*DATA EXCERPT*:
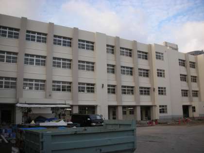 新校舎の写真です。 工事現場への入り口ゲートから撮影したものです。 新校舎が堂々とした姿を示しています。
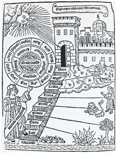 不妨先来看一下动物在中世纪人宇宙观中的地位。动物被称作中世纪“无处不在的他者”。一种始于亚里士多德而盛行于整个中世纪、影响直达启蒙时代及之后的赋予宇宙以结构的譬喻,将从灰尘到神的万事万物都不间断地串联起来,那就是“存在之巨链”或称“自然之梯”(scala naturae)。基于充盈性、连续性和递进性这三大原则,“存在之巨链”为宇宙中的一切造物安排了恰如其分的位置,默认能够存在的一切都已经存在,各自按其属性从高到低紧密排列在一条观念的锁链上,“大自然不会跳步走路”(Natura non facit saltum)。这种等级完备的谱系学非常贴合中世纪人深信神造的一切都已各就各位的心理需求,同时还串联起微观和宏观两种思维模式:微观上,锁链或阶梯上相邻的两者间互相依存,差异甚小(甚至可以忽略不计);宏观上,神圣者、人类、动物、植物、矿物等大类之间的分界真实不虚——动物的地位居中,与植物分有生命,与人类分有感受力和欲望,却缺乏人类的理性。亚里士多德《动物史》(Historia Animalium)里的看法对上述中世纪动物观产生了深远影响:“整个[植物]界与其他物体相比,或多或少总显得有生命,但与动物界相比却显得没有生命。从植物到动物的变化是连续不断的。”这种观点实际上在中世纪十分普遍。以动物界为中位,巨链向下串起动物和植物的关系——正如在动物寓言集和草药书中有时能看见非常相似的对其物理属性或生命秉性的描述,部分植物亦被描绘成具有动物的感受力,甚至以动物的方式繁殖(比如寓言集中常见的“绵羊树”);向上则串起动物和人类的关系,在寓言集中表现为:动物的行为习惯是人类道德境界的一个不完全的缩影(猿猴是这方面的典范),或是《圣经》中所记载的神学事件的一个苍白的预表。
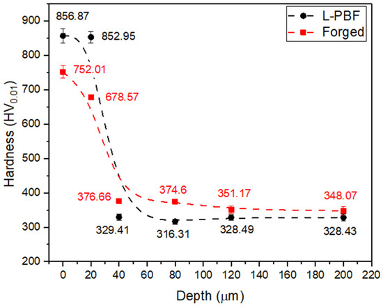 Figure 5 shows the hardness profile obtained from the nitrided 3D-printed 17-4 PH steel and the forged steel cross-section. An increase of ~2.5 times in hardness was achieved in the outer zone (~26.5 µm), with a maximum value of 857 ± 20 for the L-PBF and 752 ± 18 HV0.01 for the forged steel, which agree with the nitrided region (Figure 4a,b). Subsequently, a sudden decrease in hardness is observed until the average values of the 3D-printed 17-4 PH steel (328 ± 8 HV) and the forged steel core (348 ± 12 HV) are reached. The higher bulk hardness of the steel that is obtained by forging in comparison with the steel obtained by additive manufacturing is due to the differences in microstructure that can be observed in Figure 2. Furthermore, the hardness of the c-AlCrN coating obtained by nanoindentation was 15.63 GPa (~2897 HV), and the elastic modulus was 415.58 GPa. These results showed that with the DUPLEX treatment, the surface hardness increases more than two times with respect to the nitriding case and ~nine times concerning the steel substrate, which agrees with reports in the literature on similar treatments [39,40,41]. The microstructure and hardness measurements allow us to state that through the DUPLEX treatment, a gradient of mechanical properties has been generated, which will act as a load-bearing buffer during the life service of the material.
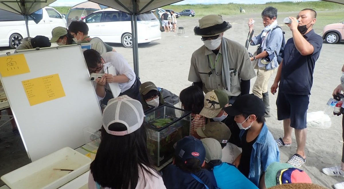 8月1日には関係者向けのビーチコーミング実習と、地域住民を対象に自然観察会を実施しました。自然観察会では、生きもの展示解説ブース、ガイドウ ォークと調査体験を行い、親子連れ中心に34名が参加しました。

*ABOUT THIS EXERCISE*: Could you set down the data exactly as given, minus its pictures?

*ANSWER TO THE EXERCISE*:
 新校舎の写真です。 工事現場への入り口ゲートから撮影したものです。 新校舎が堂々とした姿を示しています。
 不妨先来看一下动物在中世纪人宇宙观中的地位。动物被称作中世纪“无处不在的他者”。一种始于亚里士多德而盛行于整个中世纪、影响直达启蒙时代及之后的赋予宇宙以结构的譬喻,将从灰尘到神的万事万物都不间断地串联起来,那就是“存在之巨链”或称“自然之梯”(scala naturae)。基于充盈性、连续性和递进性这三大原则,“存在之巨链”为宇宙中的一切造物安排了恰如其分的位置,默认能够存在的一切都已经存在,各自按其属性从高到低紧密排列在一条观念的锁链上,“大自然不会跳步走路”(Natura non facit saltum)。这种等级完备的谱系学非常贴合中世纪人深信神造的一切都已各就各位的心理需求,同时还串联起微观和宏观两种思维模式:微观上,锁链或阶梯上相邻的两者间互相依存,差异甚小(甚至可以忽略不计);宏观上,神圣者、人类、动物、植物、矿物等大类之间的分界真实不虚——动物的地位居中,与植物分有生命,与人类分有感受力和欲望,却缺乏人类的理性。亚里士多德《动物史》(Historia Animalium)里的看法对上述中世纪动物观产生了深远影响:“整个[植物]界与其他物体相比,或多或少总显得有生命,但与动物界相比却显得没有生命。从植物到动物的变化是连续不断的。”这种观点实际上在中世纪十分普遍。以动物界为中位,巨链向下串起动物和植物的关系——正如在动物寓言集和草药书中有时能看见非常相似的对其物理属性或生命秉性的描述,部分植物亦被描绘成具有动物的感受力,甚至以动物的方式繁殖(比如寓言集中常见的“绵羊树”);向上则串起动物和人类的关系,在寓言集中表现为:动物的行为习惯是人类道德境界的一个不完全的缩影(猿猴是这方面的典范),或是《圣经》中所记载的神学事件的一个苍白的预表。
 Figure 5 shows the hardness profile obtained from the nitrided 3D-printed 17-4 PH steel and the forged steel cross-section. An increase of ~2.5 times in hardness was achieved in the outer zone (~26.5 µm), with a maximum value of 857 ± 20 for the L-PBF and 752 ± 18 HV0.01 for the forged steel, which agree with the nitrided region (Figure 4a,b). Subsequently, a sudden decrease in hardness is observed until the average values of the 3D-printed 17-4 PH steel (328 ± 8 HV) and the forged steel core (348 ± 12 HV) are reached. The higher bulk hardness of the steel that is obtained by forging in comparison with the steel obtained by additive manufacturing is due to the differences in microstructure that can be observed in Figure 2. Furthermore, the hardness of the c-AlCrN coating obtained by nanoindentation was 15.63 GPa (~2897 HV), and the elastic modulus was 415.58 GPa. These results showed that with the DUPLEX treatment, the surface hardness increases more than two times with respect to the nitriding case and ~nine times concerning the steel substrate, which agrees with reports in the literature on similar treatments [39,40,41]. The microstructure and hardness measurements allow us to state that through the DUPLEX treatment, a gradient of mechanical properties has been generated, which will act as a load-bearing buffer during the life service of the material.
 8月1日には関係者向けのビーチコーミング実習と、地域住民を対象に自然観察会を実施しました。自然観察会では、生きもの展示解説ブース、ガイドウ ォークと調査体験を行い、親子連れ中心に34名が参加しました。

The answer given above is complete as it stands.